🤖 AI Summary
This work addresses the limitations of existing task-level scheduling in device-edge collaborative inference, which suffers from coarse granularity and a lack of complexity awareness, thereby struggling to balance accuracy, latency, and energy consumption. To overcome these challenges, we propose ENACHI, a novel framework featuring a dual-granularity—task and packet—online scheduling architecture. ENACHI integrates a two-layer Lyapunov optimization with a progressive transmission mechanism to dynamically adapt to channel variations and task complexity. It manages long-term energy-accuracy trade-offs through a reference power budget while jointly optimizing dynamic bandwidth allocation, slot-level power control, and DNN partitioning decisions. Experimental results on ImageNet demonstrate that, under strict deadlines, ENACHI improves inference accuracy by 43.12% and reduces energy consumption by 62.13%, while maintaining stable energy efficiency even under multi-user congestion scenarios.
📝 Abstract
Device-edge collaborative inference with Deep Neural Networks (DNNs) faces fundamental trade-offs among accuracy, latency and energy consumption. Current scheduling exhibits two drawbacks: a granularity mismatch between coarse, task-level decisions and fine-grained, packet-level channel dynamics, and insufficient awareness of per-task complexity. Consequently, scheduling solely at the task level leads to inefficient resource utilization. This paper proposes a novel ENergy-ACcuracy Hierarchical optimization framework for split Inference, named ENACHI, that jointly optimizes task- and packet-level scheduling to maximize accuracy under energy and delay constraints.
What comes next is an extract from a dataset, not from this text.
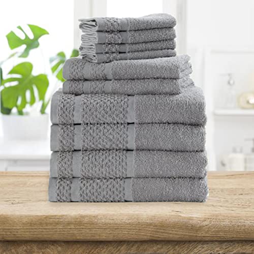 SEDLAV Bath Towel Set with Upgraded Softness & Durability, 100% Cotton (10 Pack) (Gray)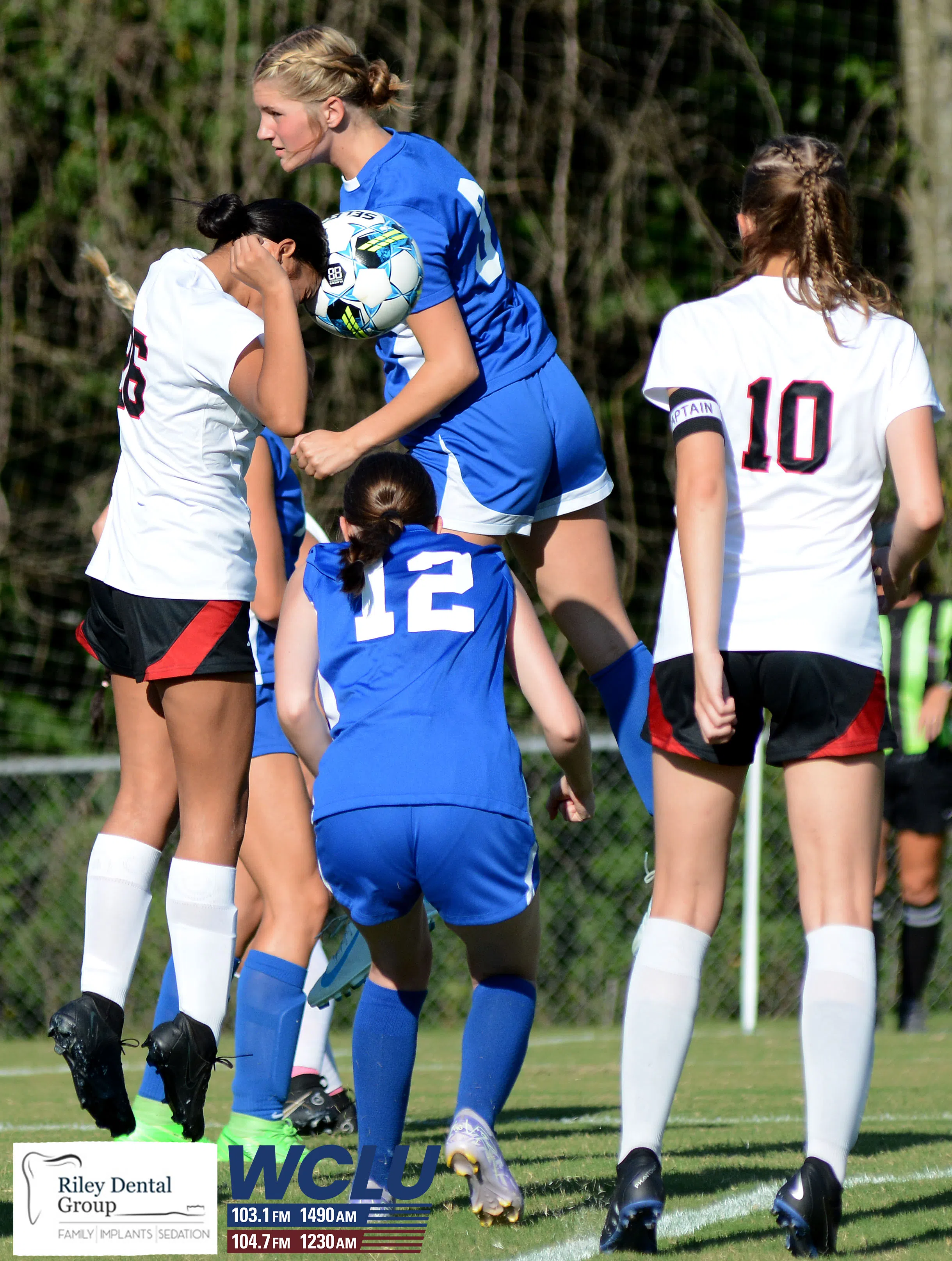 Glasgow’s Brile Pitcock attempts to head the ball on goal against Todd County Central. The Lady Scotties won, 3-1. Auggie Brown/WCLU Sports

A two-tier Lyapunov-based framework is developed for ENACHI, with a progressive transmission technique further integrated to enhance adaptivity. At the task level, an outer drift-plus-penalty loop makes online decisions for DNN partitioning and bandwidth allocation, and establishes a reference power budget to manage the long-term energy-accuracy trade-off. At the packet level, an uncertainty-aware progressive transmission mechanism is employed to adaptively manage per-sample task complexity. This is integrated with a nested inner control loop implementing a novel reference-tracking policy, which dynamically adjusts per-slot transmit power to adapt to fluctuating channel conditions. Experiments on ImageNet dataset demonstrate that ENACHI outperforms state-of-the-art benchmarks under varying deadlines and bandwidths, achieving a 43.12\% gain in inference accuracy with a 62.13\% reduction in energy consumption under stringent deadlines, and exhibits high scalability by maintaining stable energy consumption in congested multi-user scenarios.